Improving the PNP's integrity
Recently, the People's National Party (PNP) launched its five-person Integrity Commission with a mandate to play an advisory role in the candidate selection process to ensure that each person is fit and proper.
The five Jamaicans selected to serve on the PNP's Integrity Commission are said to be eminent Jamaicans. The non-party members are Bishop Wellesley Blair of the New Testament Church of God as chairman, Daisy Coke, formerly of the Public Service Commission and actuary, and Cedric McCulloch, retired permanent secretary and educator. Attorney-at-law Fredrick Hamaty and former government minister Burchell Whiteman are the two PNP members of the commission.
Bishop Blair is an outspoken and fearless clergyman. He believes in probity and it will not be easy to pull a fast one on him. I have known Cedric McCulloch through Sonia, his wife, who taught me biology at Calabar and who is also a member of Boulevard Baptist Church. Cedric is a soft-spoken, unassuming person. Daisy Coke is well known to Jamaicans as a outstanding servant of this nation. The independent candidates are outstanding choices.
Ambassador Burchell Whiteman is a man of integrity. When he was minister of education and I was asked to serve as chairman of the Jamaica National Heritage Trust, I can testify that there was no partisan political interference from him. Hamaty is not known to me but reports suggest that he also is a good choice. But having good members of the commission is only one step. There needs to be proper procedures and also having the power to enact the responsibility.
Therefore, the problem with the commission is that its role is advisory. It does not change the status quo. The power remains in the same hands. The constituency makes the recommendation to the selection panel which, in turn, reports to the executive with the party president having veto powers. That will not change, which is regrettable.
Advisory role
It would seem to be better if the PNP's Integrity Commission was modelled more after the Electoral Commission. It is good that the independents outnumber the party members three to two but the rationale for that is defeated if the commission only has an advisory role.

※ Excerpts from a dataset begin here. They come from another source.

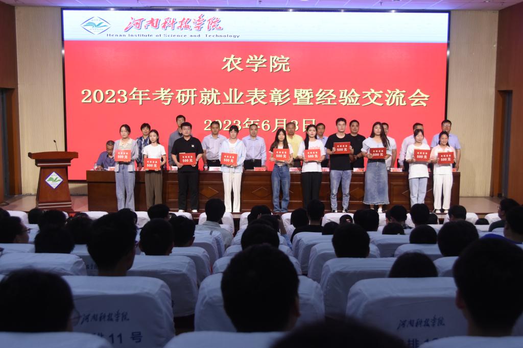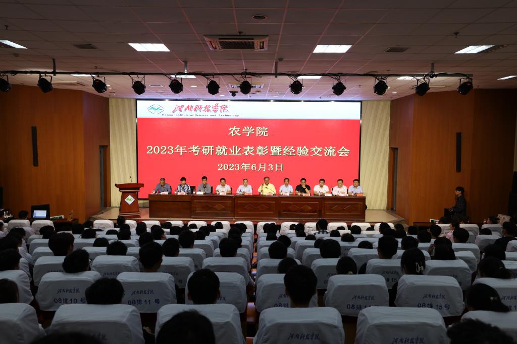 6月3日上午,太阳城平台(中国)官方网站 在图书馆一楼报告厅召开2023届毕业生考研就业表彰暨经验交流会。全国人大代表、中原学者茹振钢教授、原生命科技学院院长刘明久教授、杰出校友胡学臣、王军、王党辉、李威和卢东林、学院党政班子成员、团委辅导员及师生代表260余人参加会议。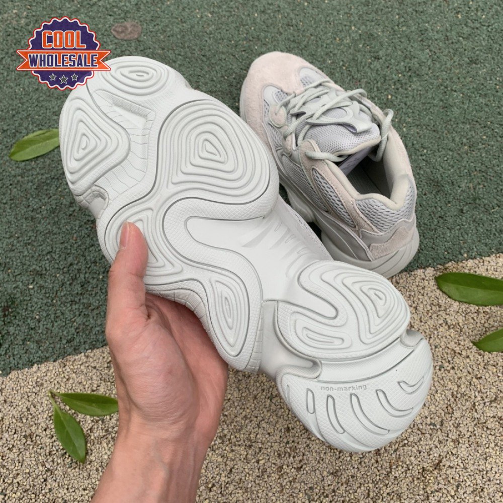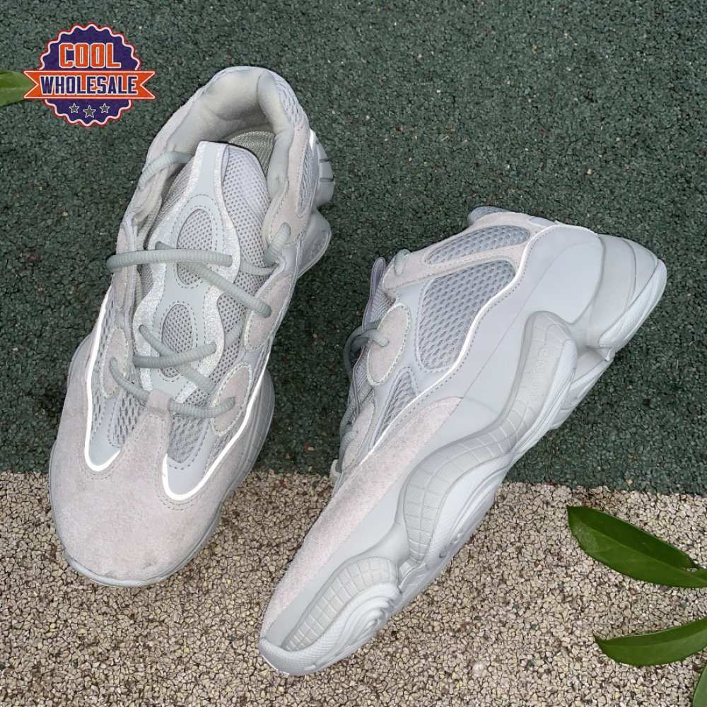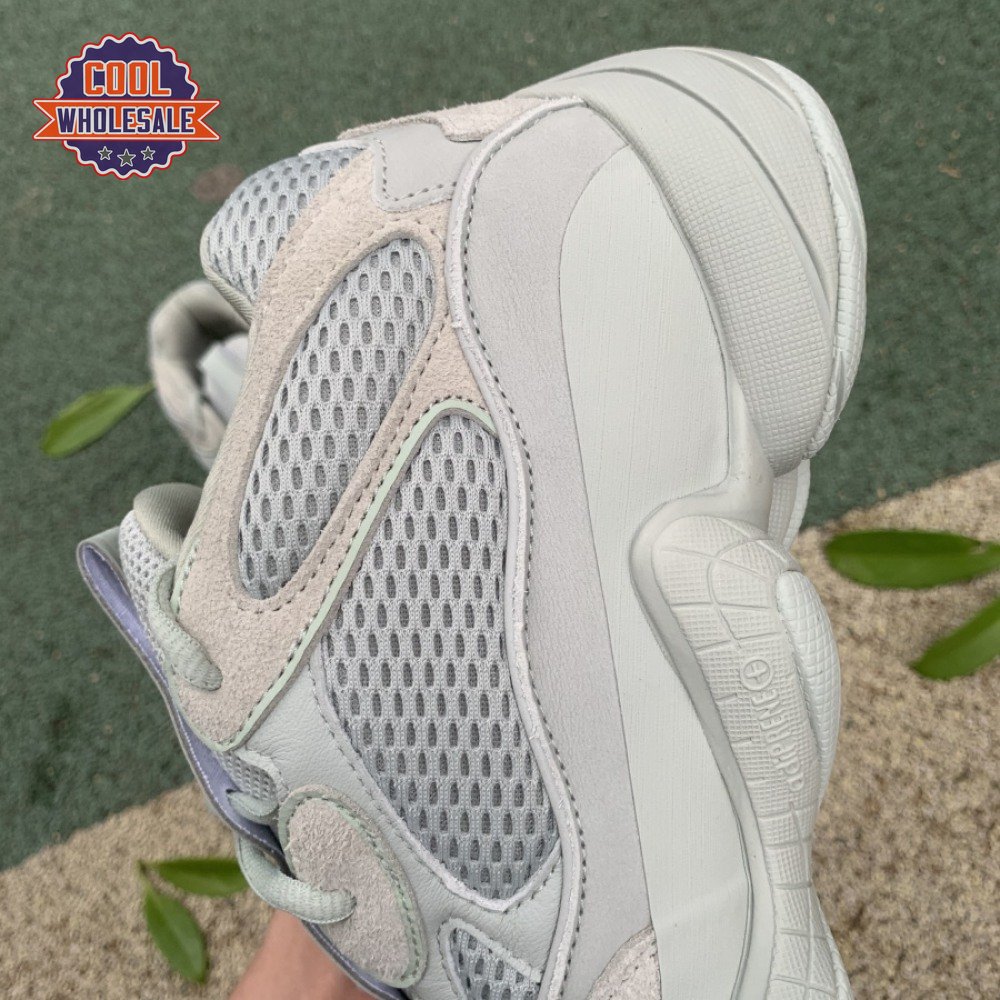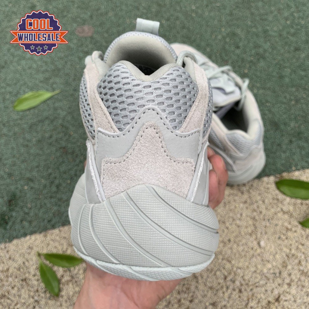 The Yeezy 500 "Salt" sticks with the same monochromatic design used on previous colorways of the bulky lifestyle silhouette. Here, a light grey shade is applied to the layered upper, built with a combination of cow suede, premium leather, mesh and nubuck accents. A rubber wrap atop the midsole provides added durability while reflective trim around the eyelets provide visibility in low-light conditions.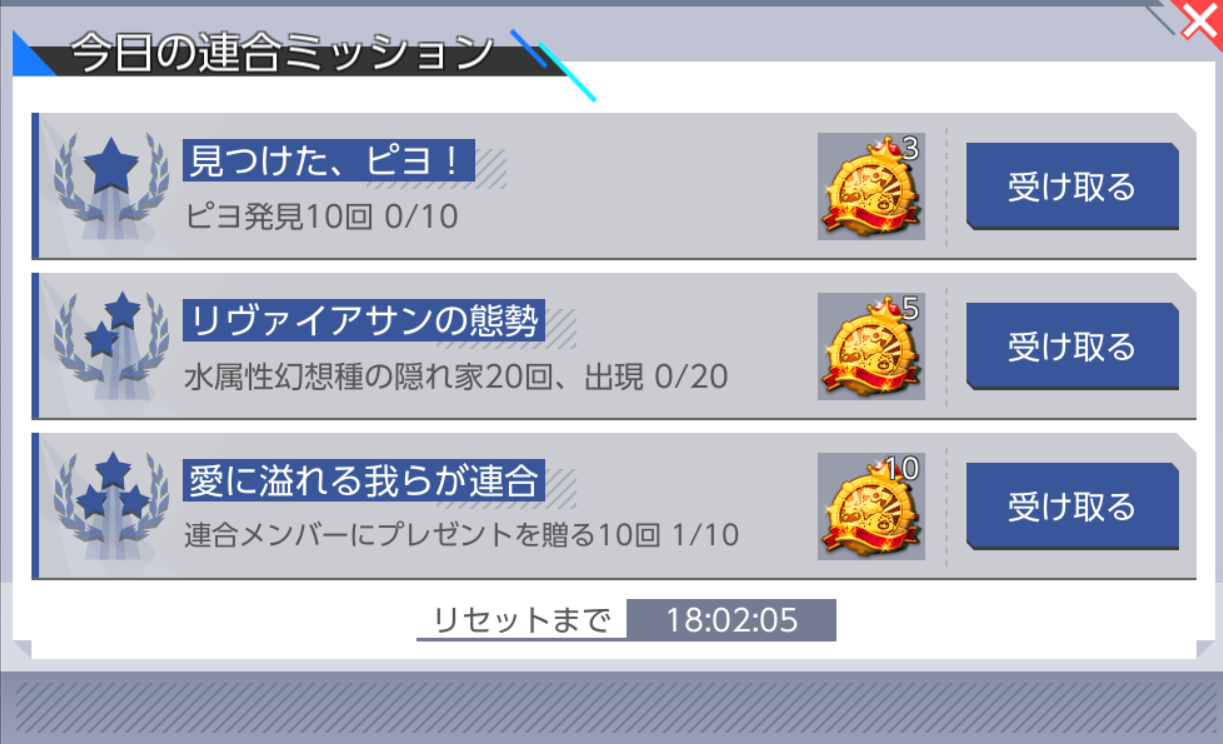 - 「今日の連合ミッション」達成時、「受け取り」アイコンをタップすると報酬を受け取ることができます。受け取った報酬はプレゼントボックスに送られます。
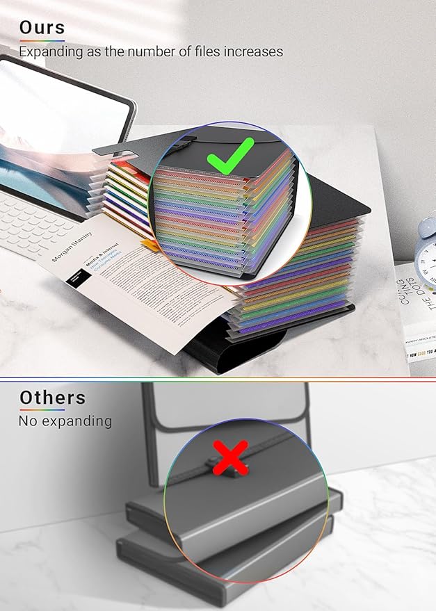 - ✔【STURDY MATERIALS】Accordian file folder are made by high quality polypropylene and polyester,20% and more thicker than other file organizer, it can stand on the desktop independently when unfolding, no easy to be broken and deformed. 100% Waterproof, Non toxic, Non Odor, Anti-wear, tear and Moisture resistant.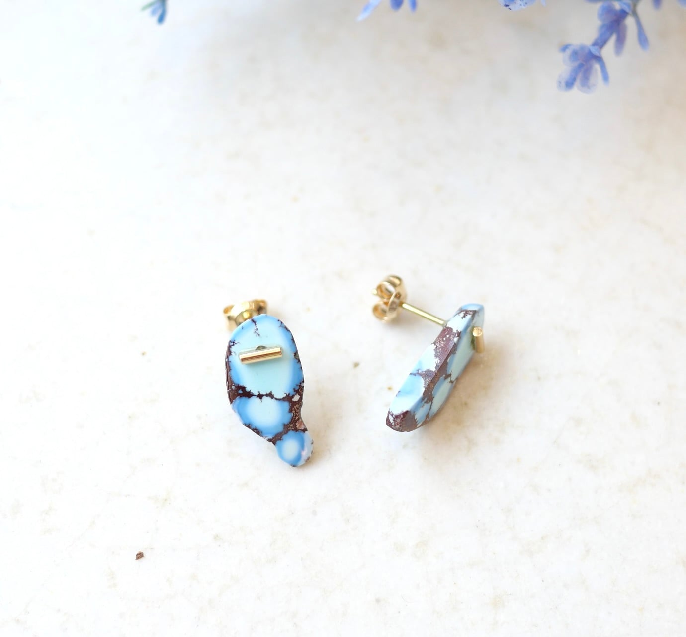 ラベンダーがかったカザフスタンターコイスを限りなく自然なままピアスに仕立てた限定品。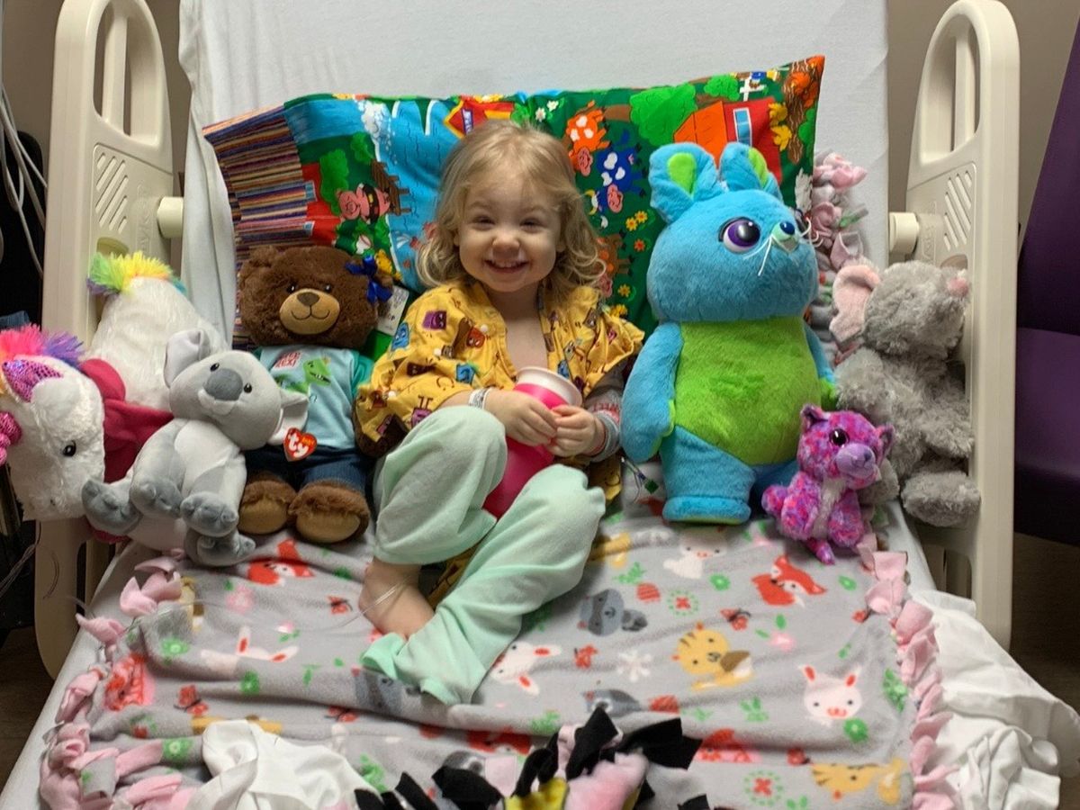 The doctors expect a hospital stay of one solid for Phase 1 of Felicity’s treatment and 2.5 years of periodic stays for continuing treatment. She will have to receive chemotherapy throughout this process. Felicity loves people (big and small) and is fiercely independent and go, go, go which has been difficult with chemo treatments. She enjoys playing pretend and learning new things. Her favorite pastimes are watching Minions, Toy Story, Frozen, or Bubble Guppies; having books read to her; playing outside; and helping with whatever Mom and Dad are doing. The hardest thing for us as parents to watch is her grimace with pain while she is determined to play with her friends. She would crawl if she had to before she stopped trying to play. It was truly the embodiment of the human spirit and will to experience life and do it with joy.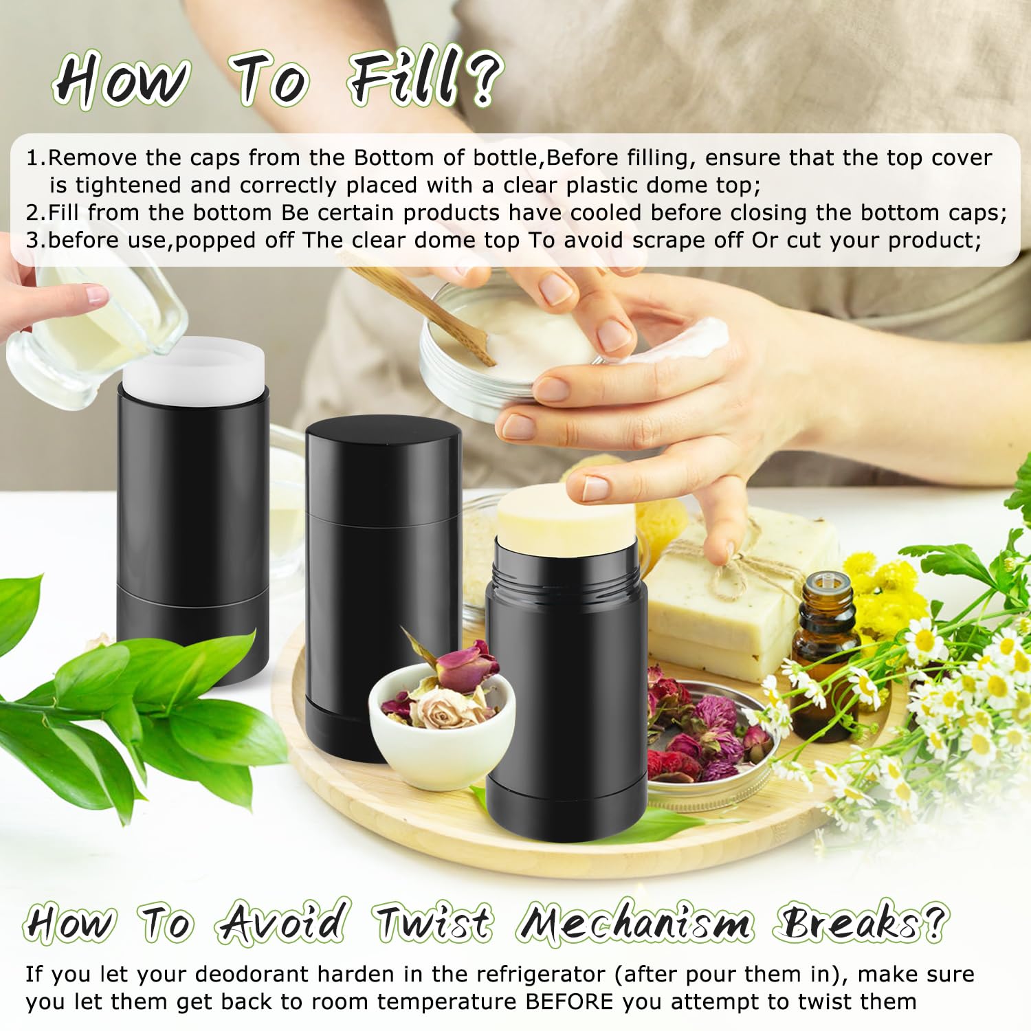 - 【Fill From Bottom】ATTENTION: This deodorant container is only suitable for UPSIDE DOWN FILLING,Different from conventional top filling.Fill from the bottom threw the twist ring,can effective avoiding leaky issues.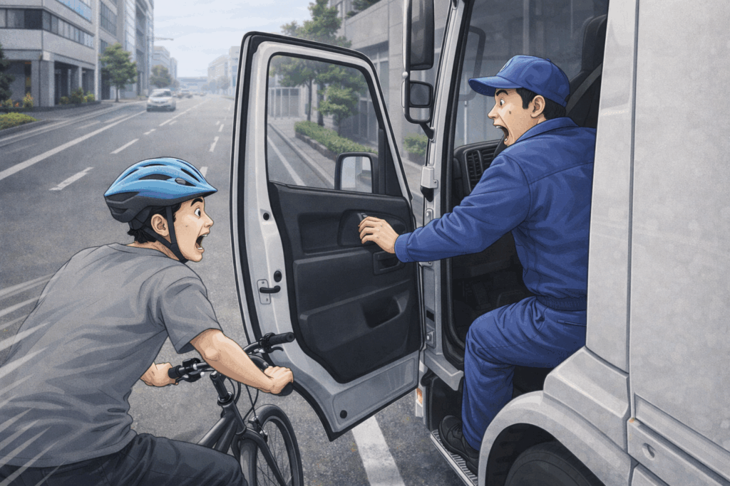 トラックのドアは大きく、開いた際には車幅から大きくはみ出します。路肩停車中は自転車やオートバイが側方を通過する可能性が高く、突然開くドアは重大事故につながります。停車後も周囲は走行環境であるという前提を共有し、完全な後方確認を終えるまでドアを開けない行動基準を組織として構築しましょう。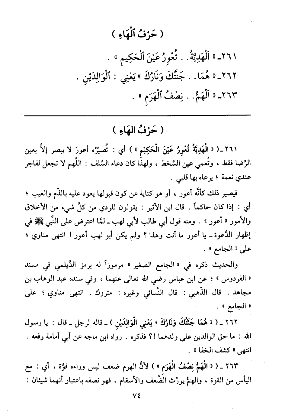 (حرف الهاء) 261- ( «الهديّة تعور عين الحكيم» ) أي: تصيّره أعور لا يبصر إلّا بعين الرّضا فقط، وتعمي عين السّخط، ولهذا كان دعاء السّلف: اللهم لا تجعل لفاجر عندي نعمة؛ يرعاه بها قلبي.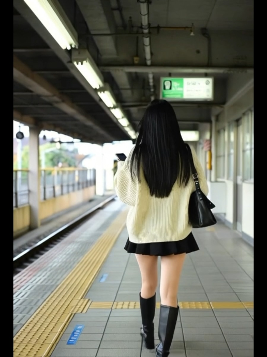 とある駅で見かけた白のニットに黒のプリーツスカートの女子大生。黒いスカートと太もものコントラストがそそります。
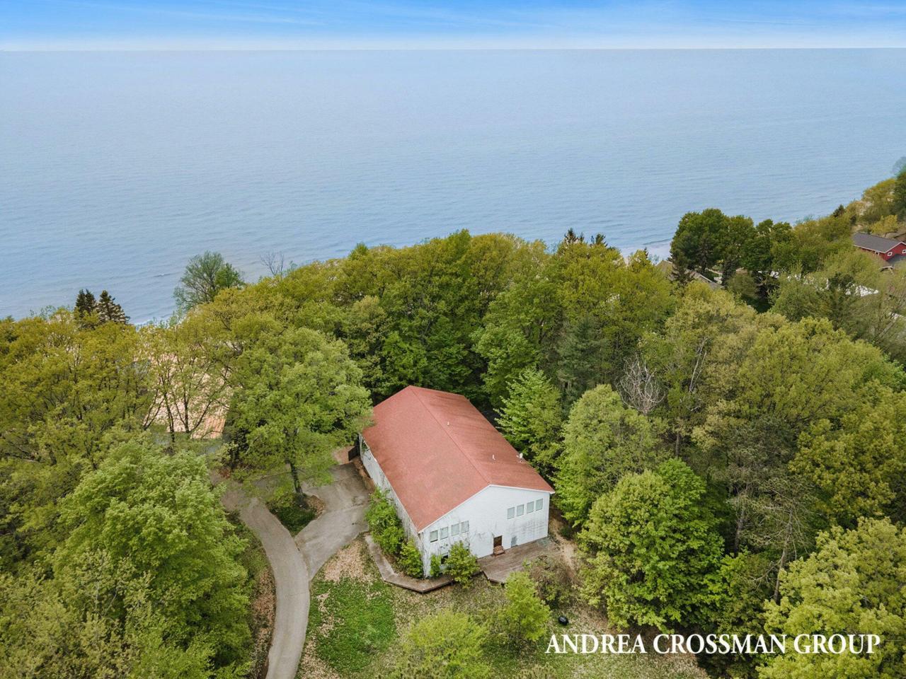 This expansive two-story building is nestled on 2+ picturesque, wooded acres with 100 feet of private Lake Michigan frontage. The main level includes a bedroom, two full baths, a full kitchen and living area, with a bonus portion being used for storage. The upper level is full of possibilities with about 2836 SqFt currently dedicated to storage. The 3000 SqFt unfinished lower level is utilized as workshop. With a low/medium bluff on Holland's north side, the true value lies in the expansive land itself. The home is being sold ''as is'' and occupancy is negotiable. This unique property has remained in the same family for decades and now is being offered as an exclusive chance to own your slice of paradise on Lake Michigan. Available for purchase is also the homes to the south, 5807 Lakeshore. Purchase both properties and own an incredible 210 feet of private Lake Michigan frontage with a fabulous beach.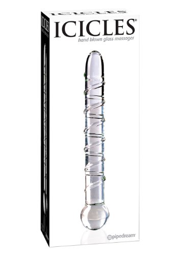 Elegant, upscale, and hand-crafted with amazing attention to detail, this luxurious line of glass massagers will leave you breathless. Each hand-blown Icicle glass wand is sleek, unique, and made to play hard. The hypoallergenic glass is nonporous and body safe, and when cared for properly, is designed to last a lifetime. Run the wand under warm water or place it in the microwave to heat things up. Chill it under cold water or put it in the freezer for a cool sensation. Overall length is 9″ with a girth of 3″.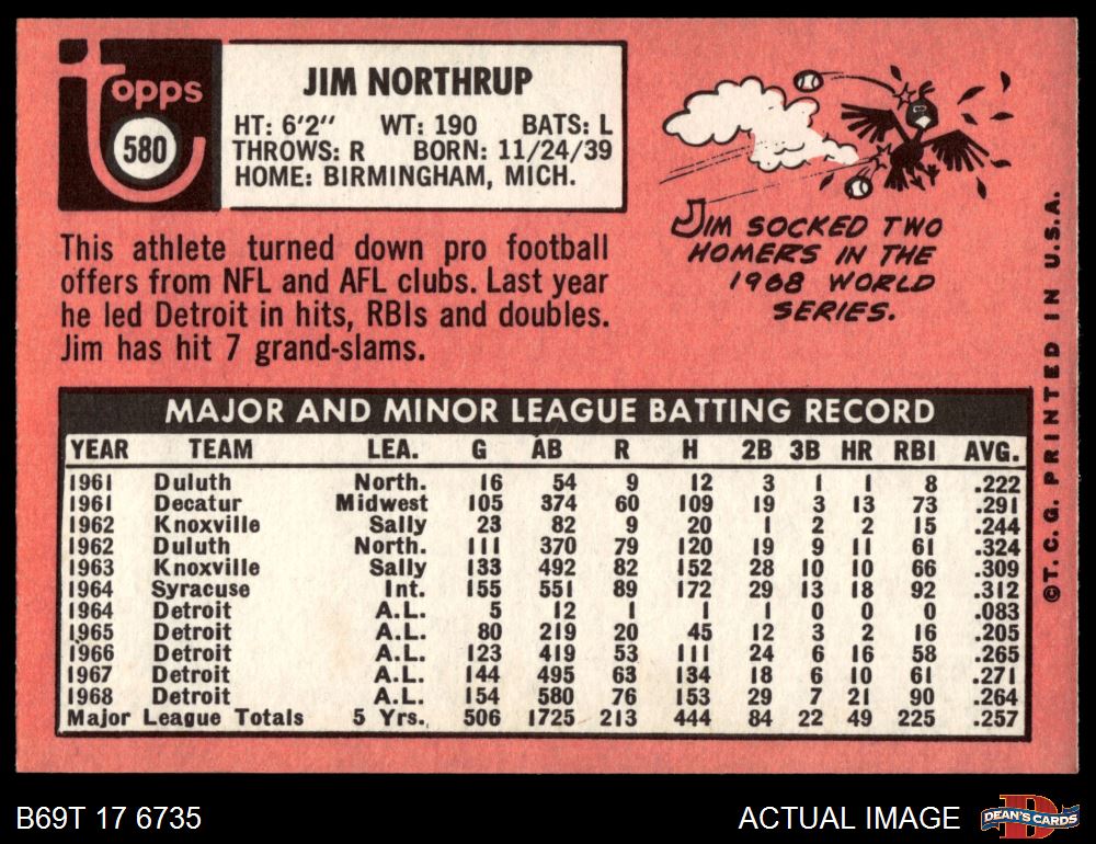 1969 Topps #580 Jim Northrup 6 - EX/MT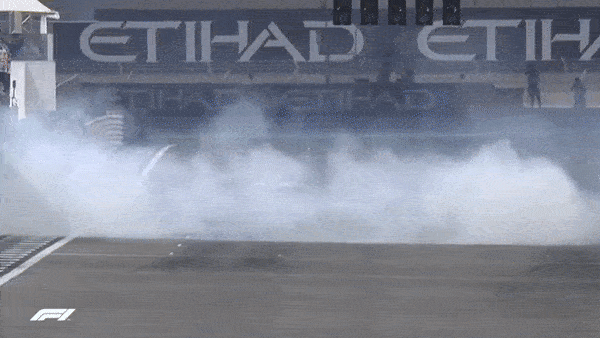 Hamilton and Bottas performed the traditional pit straight doughnuts:

It makes eminent sense if the Integrity Commission becomes the first post in the chain and they determine which candidate is fit and proper. In other words, say three candidates may apply for the opportunity to run in a constituency. They would then apply to the PNP's Integrity Commission. The commission decides that one is not fit and proper but two are okay. Then those two will be able to offer themselves for the position as a candidate for that constituency.
Therefore, the three persons appearing before the commission must present full disclosure of, among other things, their financial assets and spouses' assets too. And failure to offer full disclosure of their assets should result in automatic disqualification. In addition, the prospective candidate must provide a police report and recommendations from last employer/boss, justice of the peace and a civic body in which he or she has served.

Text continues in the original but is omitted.